Hillary Clinton may have gone about it clumsily and even somewhat oafishly, but she was trying to say she understood the point of view of many of the people who support a candidate who she finds reprehensible. Read the whole quote:
You know, just to be grossly generalistic, you could put half of Trump's supporters into what I call the basket of deplorables. They're racist, sexist, homophobic, xenophobic, Islamaphobic—you name it. And unfortunately there are people like that. And he has lifted them up. He has given voice to their websites that used to only have 11,000 people—now have 11 million. He tweets and retweets their offensive, hateful, mean-spirited rhetoric. Now some of these folks, they are irredeemable, but thankfully they are not America. But the other basket–and I know this because I see friends from all over America here—I see friends from Florida and Georgia and South Carolina and Texas–as well as, you know, New York and California—but that other basket of people are people who feel that the government has let them down, the economy has let them down, nobody cares about them, nobody worries about what happens to their lives and their futures, and they're just desperate for change.
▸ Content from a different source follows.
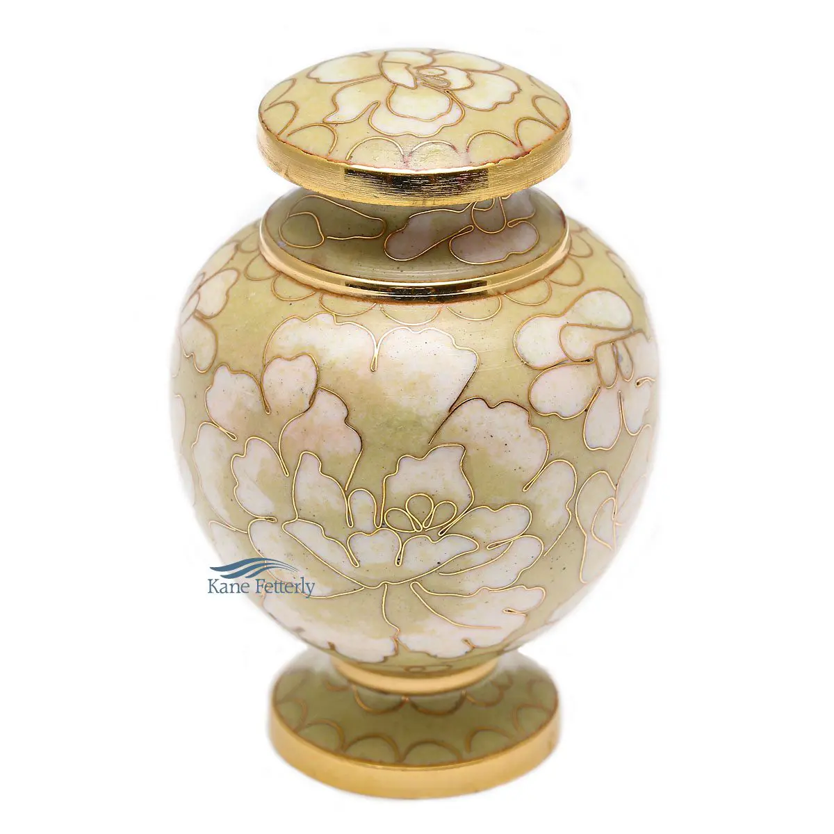 Urne miniature en métal cloisonné à motif floral, finition émaillée beige. Bandes dorées autour du couvercle et de la base.

It doesn't really even matter where it comes from. They don't buy everything he says, but he seems to hold out some hope that their lives will be different. They won't wake up and see their jobs disappear, lose a kid to heroin, feel like they're in a dead end. Those are people we have to understand and empathize with as well.
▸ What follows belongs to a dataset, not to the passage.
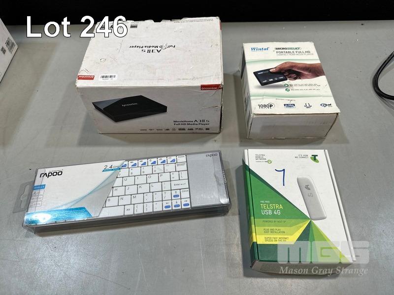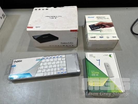 NOONTEC A3IIS FULL HD MEDIA PLAYER, WINTAL PORTABLE COMPACT HDMI MEDIA PLAYER, RAPOO E2700 WIRELESS TOUCHPAD KEYBOARD, TELSTRA USB 4G MODEM

Go find me a section of a Donald Trump speech where he tries to identify parts of Hillary Clinton's following, and asks his base to understand where they're coming from. (Now Clinton, for her part, could try a little harder, and at least acknowledge that some of Trump's following exists because she's the Studebaker that they've had for 30 years and they just want a new car that has different things wrong with it. Also, "irredeemable" is simply not an American term.)
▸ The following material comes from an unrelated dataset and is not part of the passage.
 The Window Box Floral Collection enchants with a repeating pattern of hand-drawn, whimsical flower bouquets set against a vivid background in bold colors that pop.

In her speech, was Clinton a little rough on the racists, sexists, the homophobes, zenophobes and Islamophobes that everybody knows is a part of Trump's following? Did she overestimate their share among Donald Trump's followers? Should she not have put a whole group of people in a rhetorical "basket"? I don't know; I think I would have been tempted to go for the more alliterative "dumpster of deplorables."
In any case, the reason she's getting hammered for her remark about the "basket of deplorables" is the very reason that Vital Speeches of the Day was founded in 1934 by founder Thomas Daly, who believed a large part of the nation's problems then was the purposeful editing of leaders' speeches to distort the message they were trying to send. That's why Daly declared back then that “it is only in the unedited and unexpurgated speech that the view of the speaker is truly communicated to the reader.”
And to think, Twitter wasn't even invented until 1939.
This is why Vital Speeches still prints speeches in full and without commentary today. This is why Vital Speeches still exists today. Not that we expect American citizens to read a soundbite on Facebook and go running to our website to read the speech stem to stern, the way they used to buy Vital Speeches off the newsstand. But future generations of scholars, when they research this bizarre political campaign and every well-argued side of any issue, will be able—and thus will be obligated—to read the whole speech, and see exactly what Hillary Clinton meant by "basket of deplorables," and what was the whole message she was trying to convey. They may conclude she is an arrogant elitist. Once they've read the whole speech, they'll have that right. But not until.
Here's what a speech is, friends—and what a speech will always be: A speech is, everybody sits down and shuts up as long as the speaker talks. A speech is not just a series of standalone declarations (unless it's structured that way, in which case it's a crap speech). No, a speech is a whole argument, or a series of arguments much more elaborate than a single phrase inside a single sentence. And when an audience member is asked what a speech was about, the audience member (or media member) should not say, "Aw, Clinton just called Trump supporters a basket of deplorables."
Because Clinton, in this case, and so many politicians in so many cases, did not "just" do any such thing. Any more than Mitt Romney "just" walked out and boasted that he had "binders full of women."
Alas, soundbite-snatching is human.
Reading Vital Speeches is divine.
Allan Jenkins says
Bravo
Hugh Iglarsh says
That’s great, David. I had not heard the full text of the speech, and the context does make a difference. Still … the task of a candidate is to woo voters, not to castigate them. If only one half of Trump supporters are “deplorables,” that still equals one quarter or so of the voters. And if she wins, it will be her job to represent deplorables as well as admirables, a task made no easier by the suggestion that a large proportion of the electorate is not up to her standards. It puts me in mind of a poem by Bertolt Brecht:
After the uprising of the 17th June
The Secretary of the Writers Union
Had leaflets distributed in the Stalinallee
Stating that the people
Had forfeited the confidence of the government
And could win it back only
By redoubled efforts. Would it not be easier
In that case for the government
To dissolve the people
And elect another?
David Murray says
A great point well made. Thanks, Hugh.